<<<<
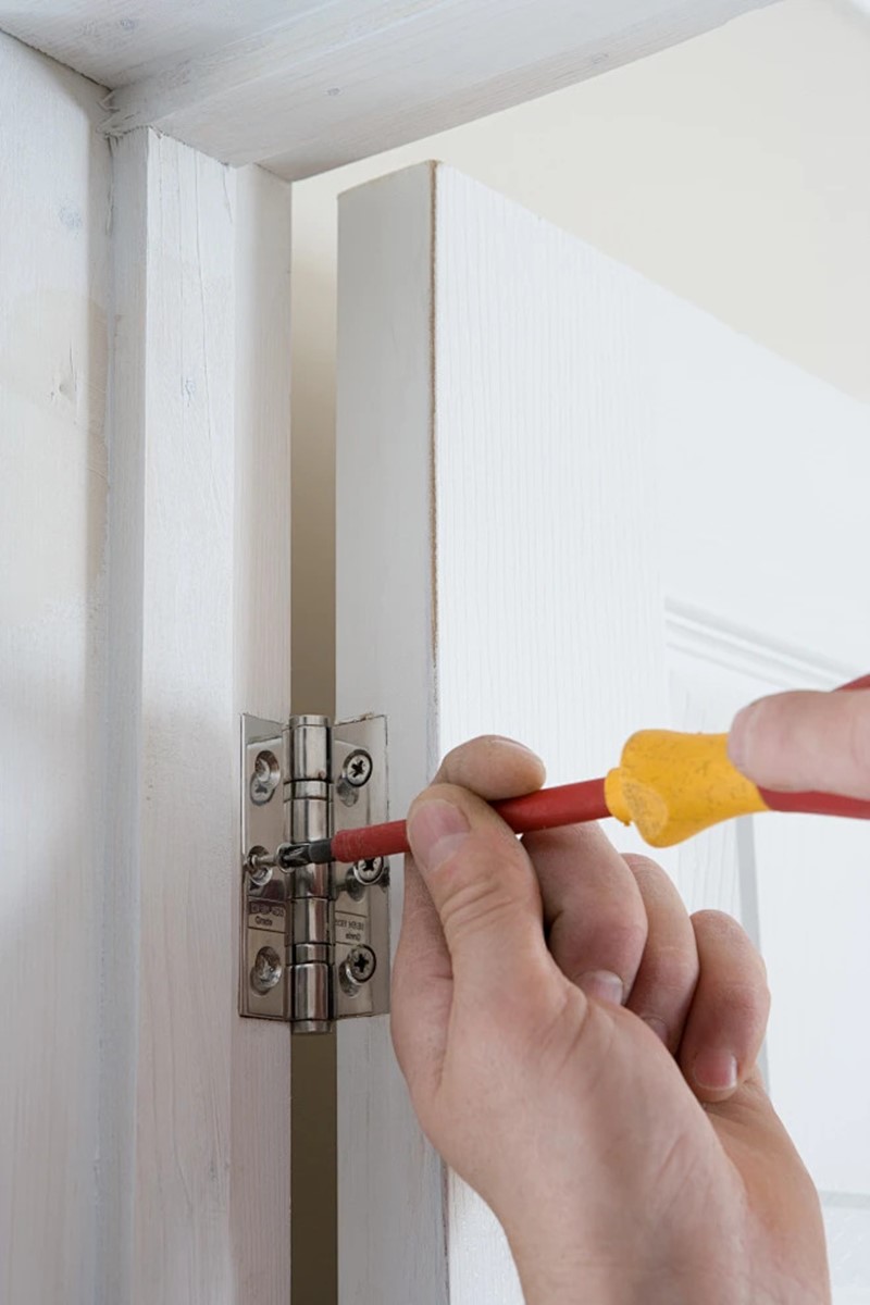 Remove the Hinge: Carefully unscrew the door hinge from the door and frame. Number each hinge pair for easy reinstallation.
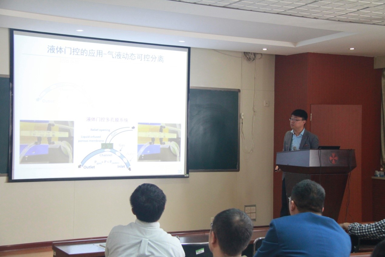 侯旭教授立足自然,受生物纳米通道的启发,研究设计了一系列人工仿生纳米通道系统,通过对通道的功能化实现了仿生纳米通道在光电转换系统、手性识别系统、传感器和纳流器件中的应用。随后,侯旭教授介绍了其设计开发的液体门控薄膜,该薄膜较普通商品化薄膜表现出了优异的抗污染性能,通过调节门控液和孔尺寸实现简单系统中的气液分离,包括气液动态可控分离和多相动态可控分离。深入浅出的介绍了其课题组在仿生柔性微流控系统的研究工作,研究涉及一系列可弯曲的有机/无机/金属-弹性膜微流控系统,特别是有机-弹性膜系统,可用于抗拉伸、弯折的仿生血管。
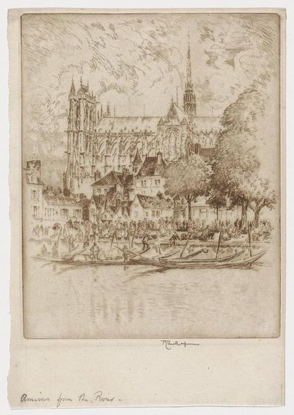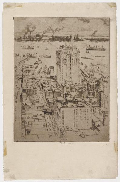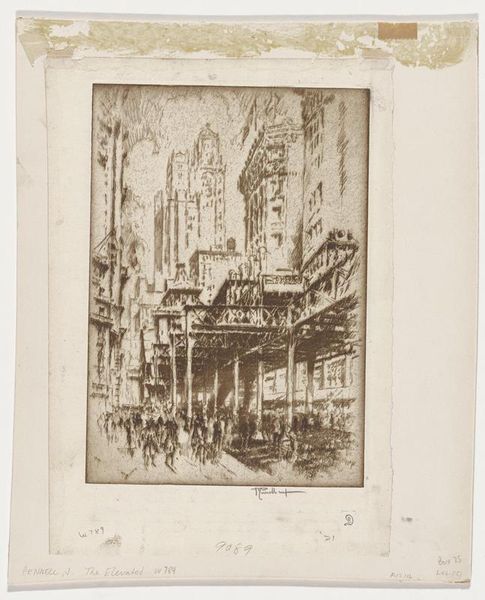 Curator: Looking at this etching, Joseph Pennell's "Trinity Churchyard," completed in 1921, I feel a kind of melancholy beauty. It's incredibly detailed but soft at the same time. Editor: Yes, the sepia tones give it a definite nostalgic feeling. The towering buildings surrounding the church seem almost to swallow it, which speaks volumes about power dynamics, doesn't it? The way capitalism and modernity loom over even the sacred. Curator: Absolutely. I’m always drawn to the people in the foreground, though. The tiny figures on the benches invite contemplation, right in the face of the urban frenzy all around. It’s like finding a moment of peace within a whirlwind, a reminder that even amidst monumental architecture, life goes on at a human scale. It reminds me of finding my own quiet corner in the city. Editor: I think you’ve hit on something key. Pennell often portrayed the tension between tradition and progress, and it really is at the heart of this work. The gothic revival architecture of Trinity Church itself, surrounded by early skyscrapers, it's this incredible visual representation of the changing urban landscape of New York. This image serves as a critique of the often brutal processes of modernization. Curator: It’s so evocative. You can almost feel the hushed atmosphere of the churchyard amidst the cacophony of the city. His technique—the intricate, almost delicate etching lines— adds a layer of quiet contemplation. Pennell really captured not just a place, but a feeling, a moment in time. I see almost like a haiku: stark juxtapositions inviting reflection. Editor: Agreed. It's an intersection, quite literally, between architectural form and social space. It asks us to consider how our environments shape our experience, and the stories that are embedded within them. Are these churchgoers seeking sanctuary, or simply weary workers seeking a moment of respite? Pennell doesn't offer easy answers, he lays bare a society in rapid transformation. Curator: Ultimately, Pennell provides an important historical marker that still manages to echo through time. It is a glimpse into a city’s past—a beautifully wrought question mark in visual form. Editor: Yes, a stark but visually poetic meditation on faith, progress, and the enduring human search for solace within an ever-evolving world.
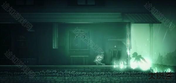 3、流浪者视角。往左走到房子前松动的木板上,站在木板上跳几次,破坏木板,从木板下的坑道爬进房子,获得镰刀。然后推开房门出去,砸死门外的黑色怪物。
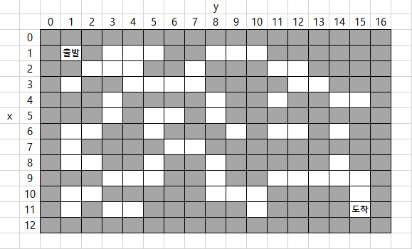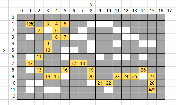 - 이미 방문한 위치를 표시하기 위해 새로운 배열 mark[13][17]을 만들어준다. (방문한 위치:1, 아직 방문하지 않은 위치:0)
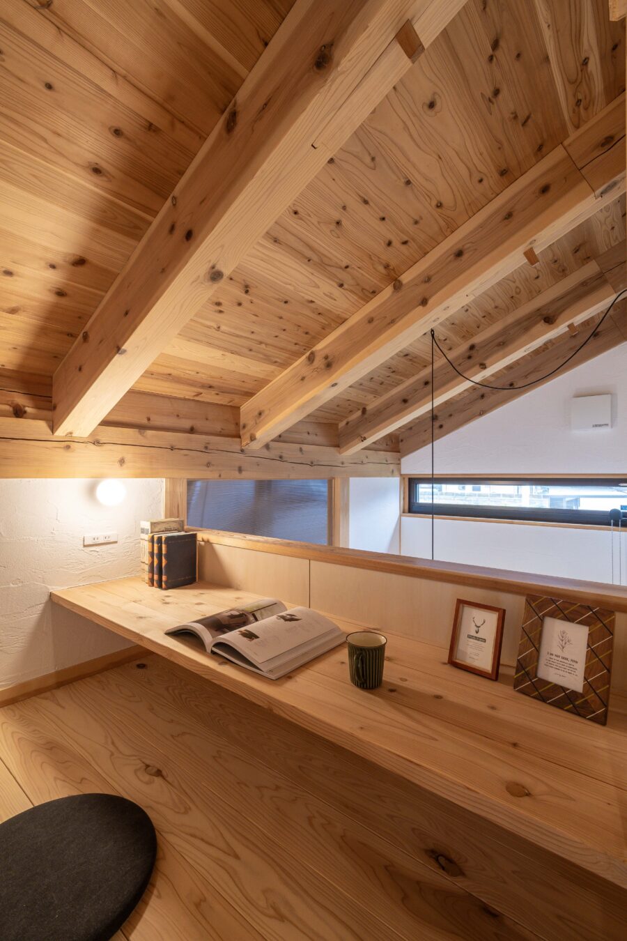 上部の吹き抜けには、1.5畳のこもれる書斎と子供部屋がつながっており、帰ってきた家族をどこでも迎える事ができます
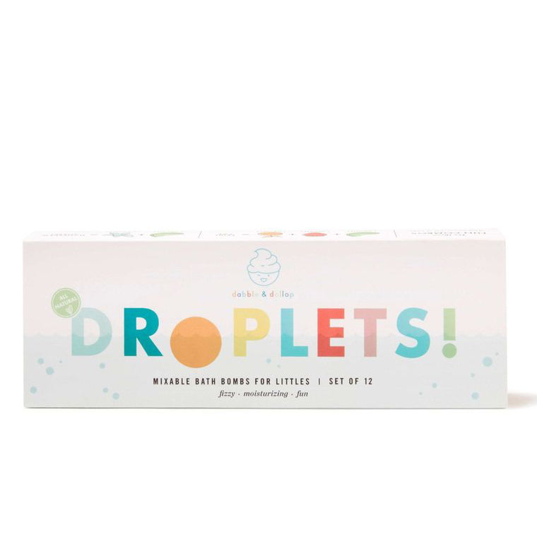 Set includes 12 bath bombs in four fresh-smelling, all-natural scents (3 strawberry, 3 tangerine, 3 honeydew and 3 vanilla). Each Droplet is “kid-sized” at 1 inch, making them perfect for a gentle, moisturizing, sweetly scented bath experience.
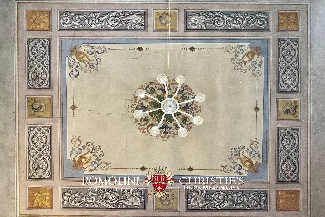 Particularly interesting is the ceiling of the bedroom on the lower floor, painted with geometric and floral patterns that recall the grotesque motives from the late Renaissance.
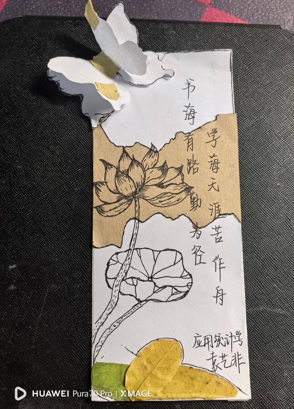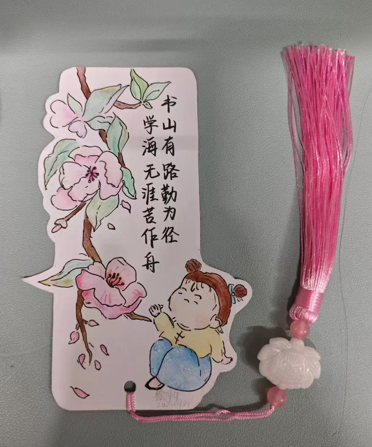 活动伊始,同学们使用各种材料,如彩纸、丝线、树叶等,将丰富的想象力融入书签制作。巧妙的设计、精美的版式、励志的话语等汇集在一张小小的书签中,方寸之间,寄托着对创意的追求,灵感的挥洒,包含着无限的诗情画意,简单却不失内涵,朴素却不乏美感。每一枚书签都是独一无二的艺术品,呈现出意境美的同时,还展现出令人惊喜的立体艺术效果。
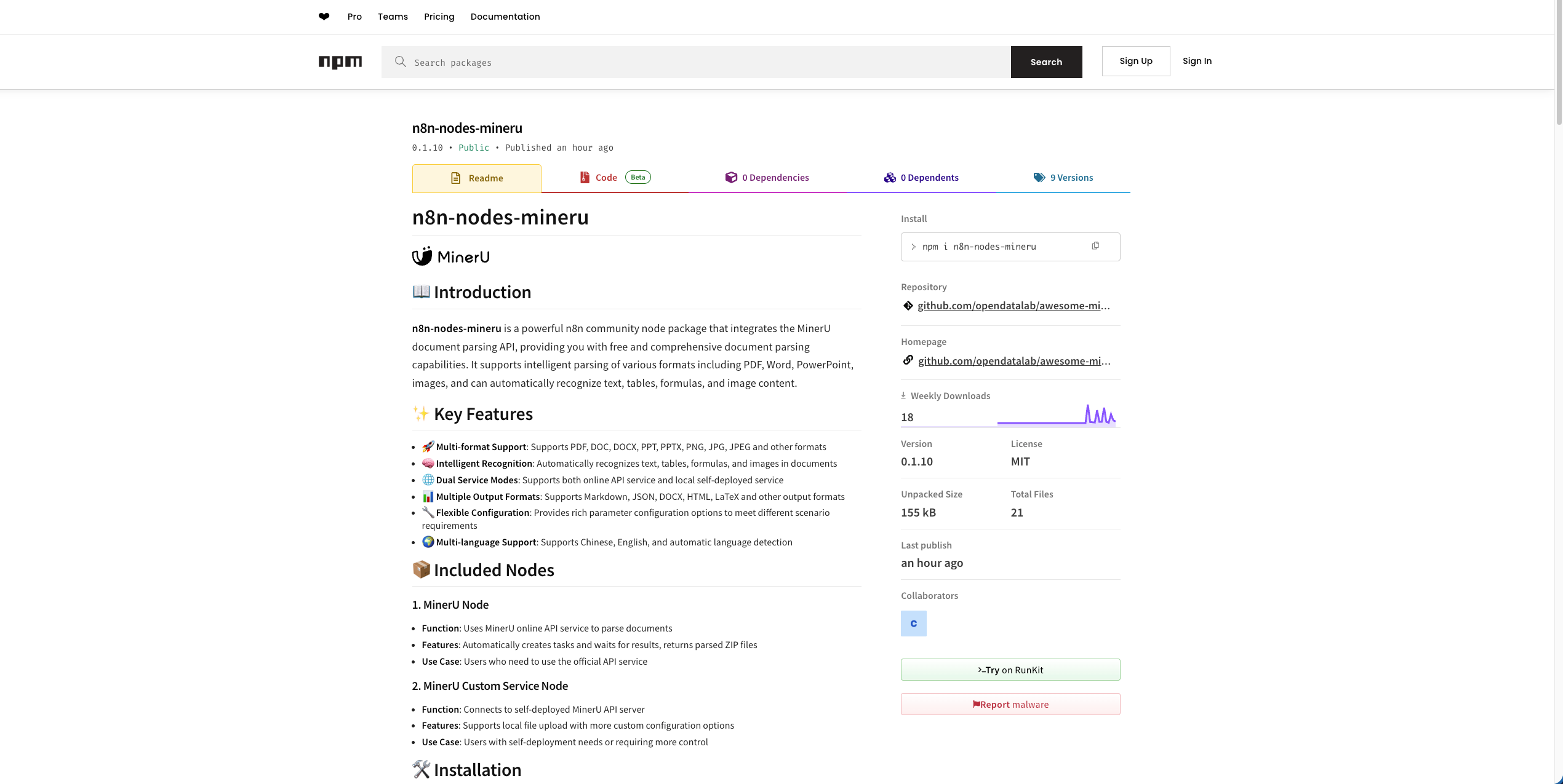 https://www.npmjs.com/package/n8n-nodes-mineru
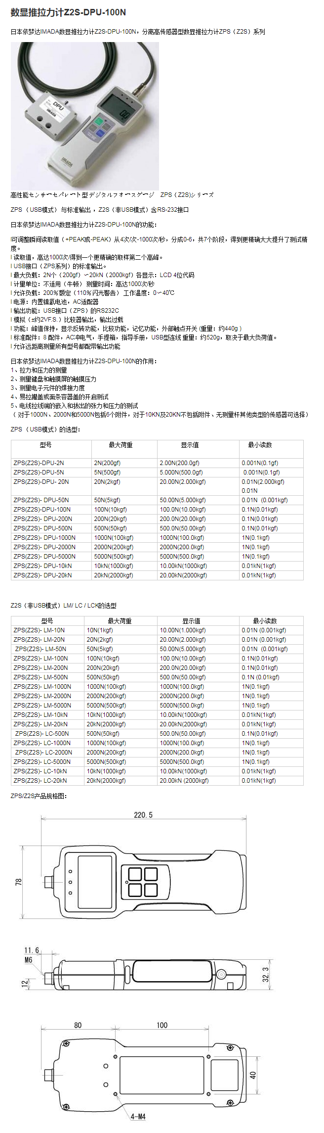 数显推拉力计Z2S-DPU-100N
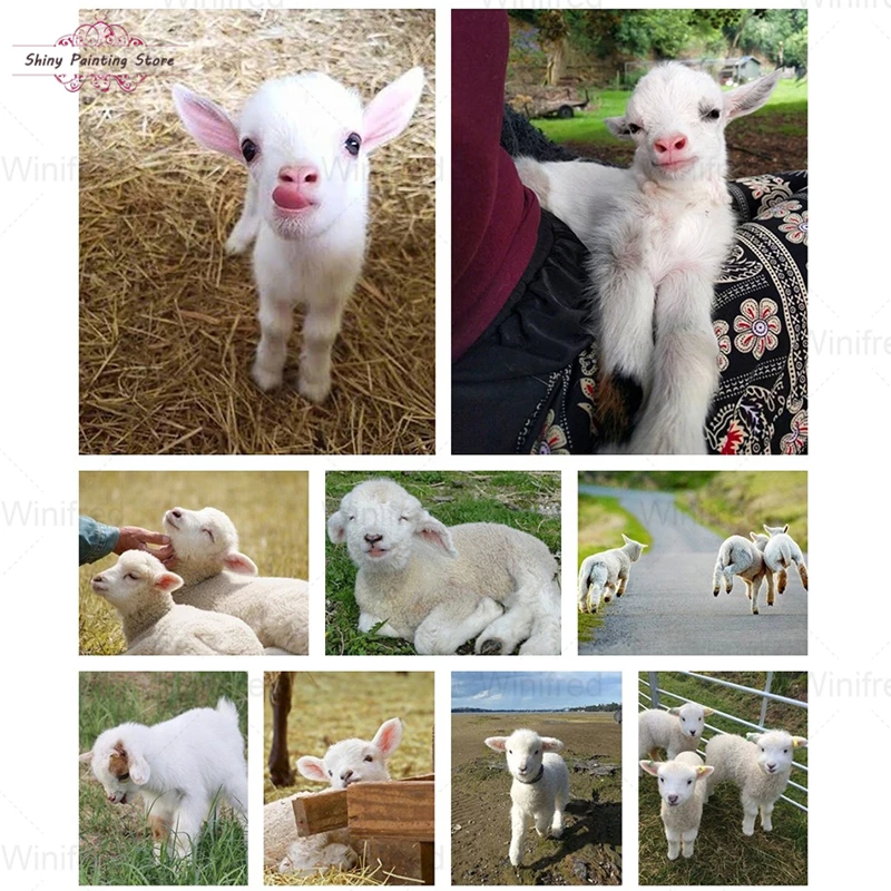 Алмазная мозаика 5D сделай сам, картина из круглых страз, полная выкладка, овечка, ягненок, животное, стразы, вышивка крестиком, Декор
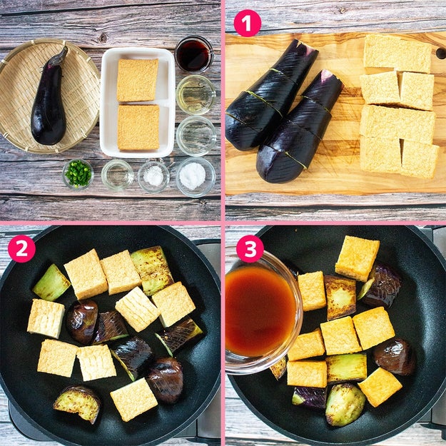 ① なすはヘタを切り落とし、縦半分に切って皮目に斜めの切り込みを入れ、さらに4等分に切る。水に5分ほど浸してあくを抜き、水気をしっかり切る。絹厚揚げは4等分に切る。
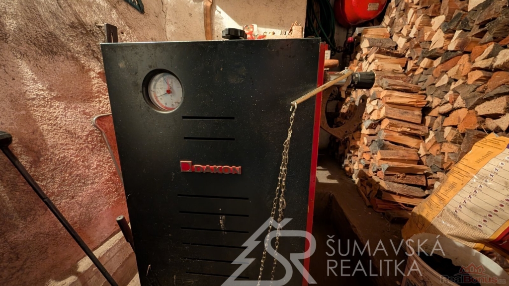 Topení: kotel na tuhá paliva v samostatné kotelně + kamna v kuchyni na tuhá paliva
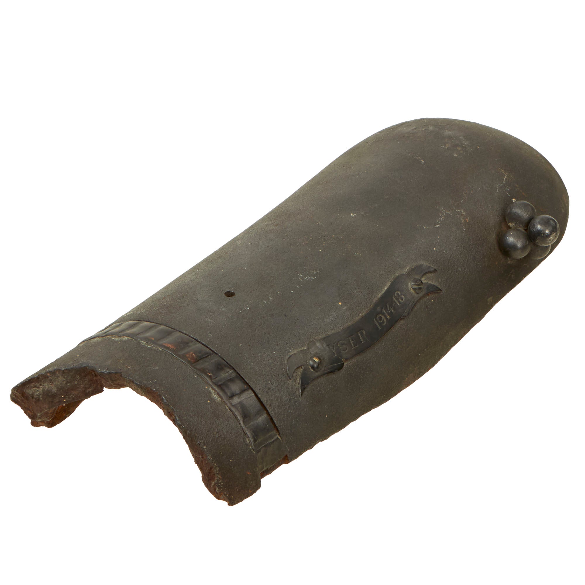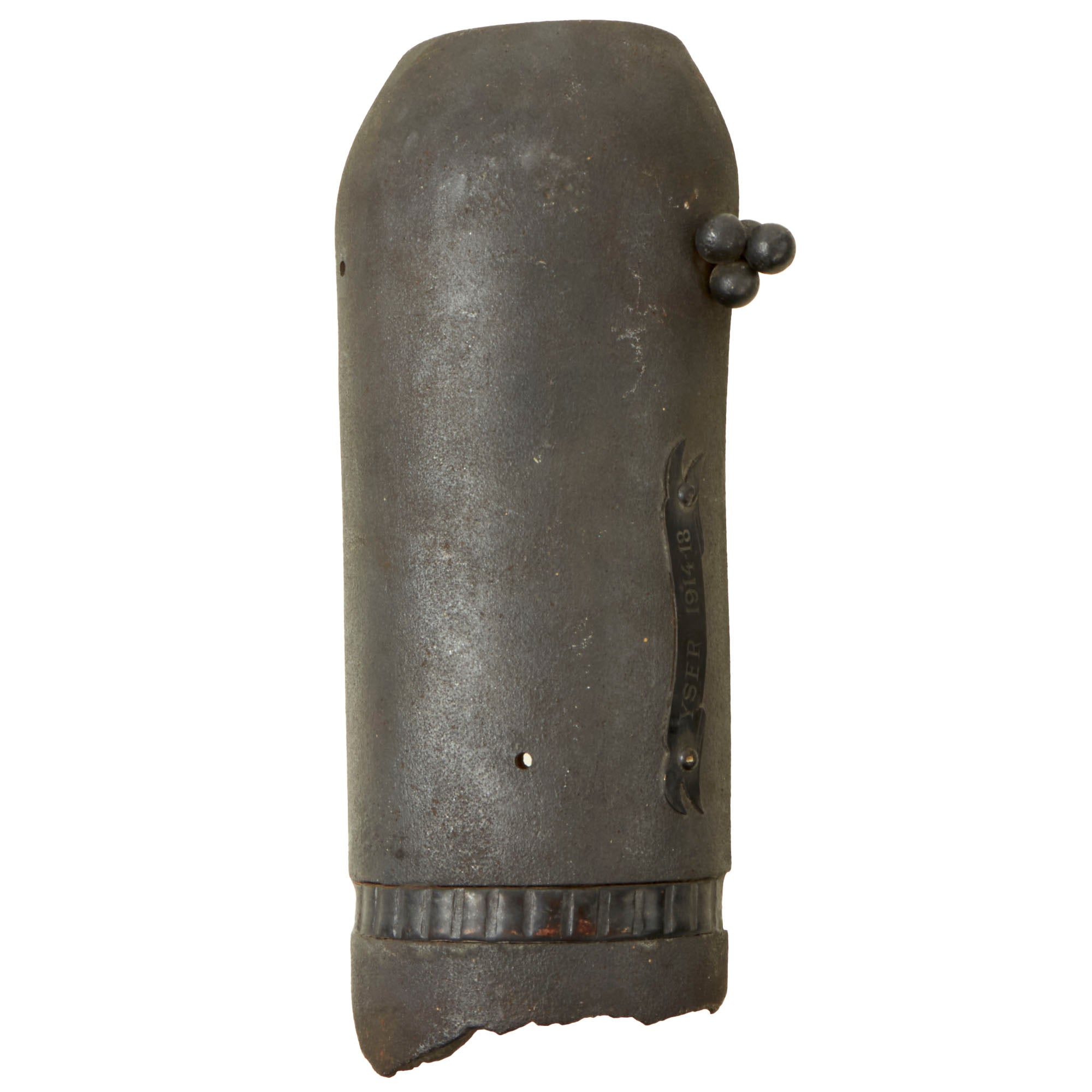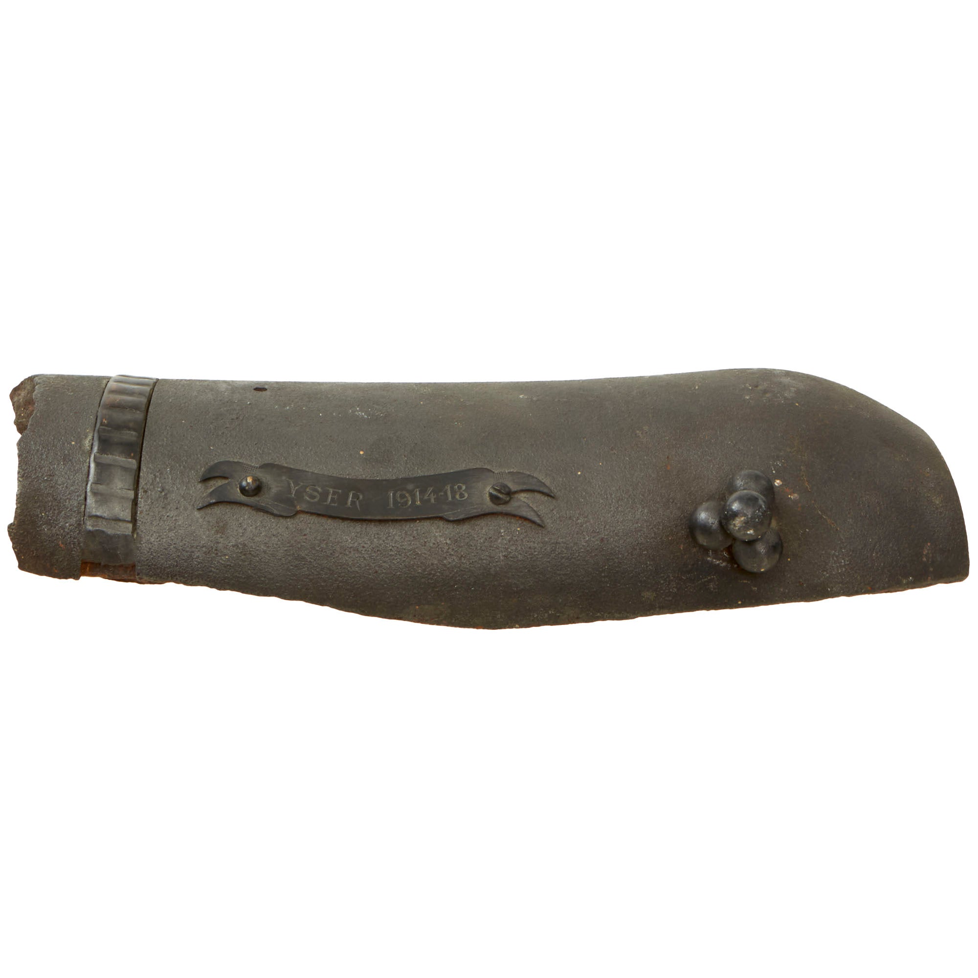 The shell fragment is very large, roughly 4½ x 11½ x 1¾” with the height coming from the shell’s curvature. The shell’s driving band is still retained in the majority of where it is visible. There have been several holes drilled for placement of small clusters of shrapnel balls, of which only one cluster of 4 remains. There is a small ribbon-shaped plaque riveted to the side of the shell reading YSER 1914-1918.
>>>>
Print exactly the lines running from the start of the entries above to the line with "侯旭教授立足自然,受生物纳米", both included; leave out any pictures.

 Remove the Hinge: Carefully unscrew the door hinge from the door and frame. Number each hinge pair for easy reinstallation.
 侯旭教授立足自然,受生物纳米通道的启发,研究设计了一系列人工仿生纳米通道系统,通过对通道的功能化实现了仿生纳米通道在光电转换系统、手性识别系统、传感器和纳流器件中的应用。随后,侯旭教授介绍了其设计开发的液体门控薄膜,该薄膜较普通商品化薄膜表现出了优异的抗污染性能,通过调节门控液和孔尺寸实现简单系统中的气液分离,包括气液动态可控分离和多相动态可控分离。深入浅出的介绍了其课题组在仿生柔性微流控系统的研究工作,研究涉及一系列可弯曲的有机/无机/金属-弹性膜微流控系统,特别是有机-弹性膜系统,可用于抗拉伸、弯折的仿生血管。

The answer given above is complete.